This mechanism allows users to gracefully bow out of an inadvertent click. After clicking a button, for example, a user can just move the mouse outside of the button and release the mouse button. For a check box, the meaning is similar: On mouse-down the check box visually shows that it has been activated, but the check doesn’t actually appear until the mouse-up transition. This idiom is called “pliant response hinting” and is further described in the section on object hinting.

Pointing and the Cursor

The cursor is the visible representation of the mouse’s position on the screen. By convention, it is normally a small arrow pointing diagonally up and left, but under program control it can change to any shape as long as it stays relatively small (32 x 32 pixels in Windows XP). Because the cursor frequently must resolve to a single pixel in order to point at small things, there must be some way for the cursor to indicate precisely which pixel is the one pointed to. This is accomplished by designating one single pixel of any cursor as the actual locus of pointing, called the hotspot. For the standard arrow, the hotspot is, logically, the tip of the arrow. Regardless of the shape the cursor assumes, it always has a single hotspot pixel.

As discussed, the key to successful direct manipulation is rich visual feedback. It should be obvious to users which aspects of the interface are manipulable, which are informational, and which are décor. Especially important for creating effective interaction idioms is attention to mouse cursor feedback.

Pliancy and hinting

Returning to Norman’s concept of affordance (see Chapter 13), it’s absolutely critical to communicate visually how various interface elements may be used. We use the term pliant to refer to objects or screen areas that may be manipulated by a user. For example, a button control is pliant because it can be “pushed” by the mouse cursor. Any object that can be picked up and dragged is pliant, and every cell in a spreadsheet and every character in a word processor document is pliant.

In most cases, the fact that an object is pliant should be communicated to users. The only situation where this isn’t true is when you are concerned with presenting rich, complex functionality solely to expert users with no concern about their ability to learn and use the application. In these cases, the screen real estate and visual attention that would otherwise be devoted to communicating pliancy may be more appropriately used elsewhere. Do not make the decision to take this route lightly.

Note

Pliancy and hinting

There are three basic ways to communicate — or hint at — the pliancy of an object to users: by creating static visual affordances of the object itself, by dynamically changing visual affordances of the object, or by changing the visual affordances of the cursor as it passes over and interacts with the object.

Object hinting

Static object hinting is when the pliancy of an object is communicated by the static rendering of the object itself. For example, the three-dimensional sculpting of a button control is static visual hinting because it provides manual affordance for pushing (see Figure 19-3).

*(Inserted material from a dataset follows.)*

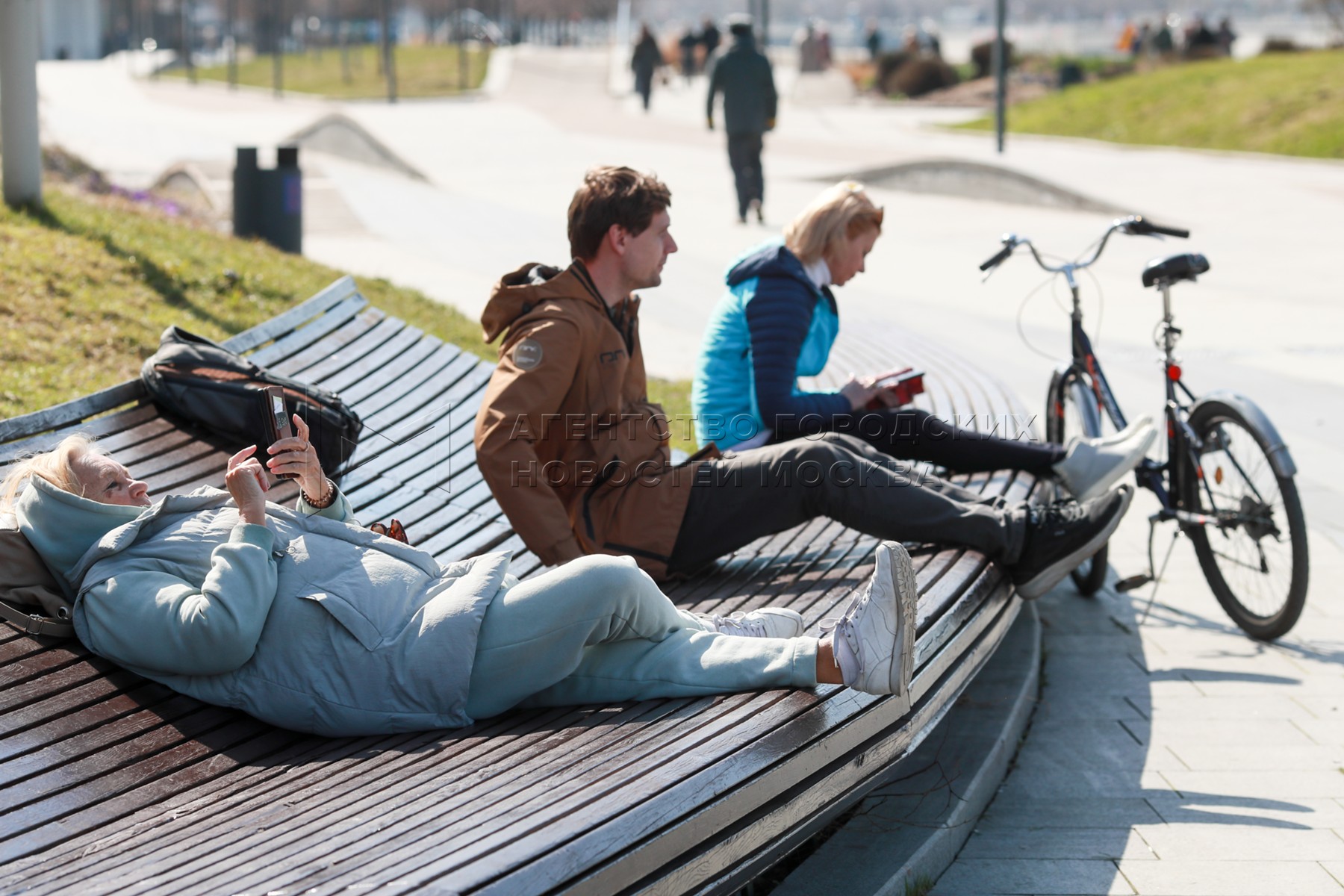 Люди во время отдыха на скамейке. Городские жанры и виды Москвы 14 апреля 2025 го...

The buttons on the left are an example of static visual hinting: Their “clickability” is suggested by the dimensional rendering. The toolbar butcons on the right demonstrate dynamic visual hinting: While the Bold toggle doesn’t appear to be a button at first glance, passing the mouse cursor over it causes it to change, thereby creating affordance.

Figure 19-3. The buttons on the left are an example of static visual hinting: Their “clickability” is suggested by the dimensional rendering. The toolbar butcons on the right demonstrate dynamic visual hinting: While the Bold toggle doesn’t appear to be a button at first glance, passing the mouse cursor over it causes it to change, thereby creating affordance.

For interfaces with a lot of objects and controls, static object hinting can require an impractical amount of rendered screen elements. If everything has a three-dimensional feel to provide affordance, your interface can start to look like a sculpture garden. Also, static hinting requires that objects be large enough to accommodate the creation of affordance. These impracticalities call for dynamic visual hinting.

Dynamic visual hinting works like this: When the cursor passes over a pliant object, it changes its appearance (see Figure 19-3). This action occurs before any mouse buttons are clicked and is triggered by cursor fly-over only, and is commonly referred to as a “rollover.” A good example of this is behavior of butcons (iconlike buttons) on toolbars: Although there is no persistent buttonlike affordance of the butcon, passing the cursor over any single butcon causes the affordance to appear. The result is a powerful hint that the control has the behavior of a button, and the elimination of the persistent affordance dramatically reduces visual clutter on the toolbar.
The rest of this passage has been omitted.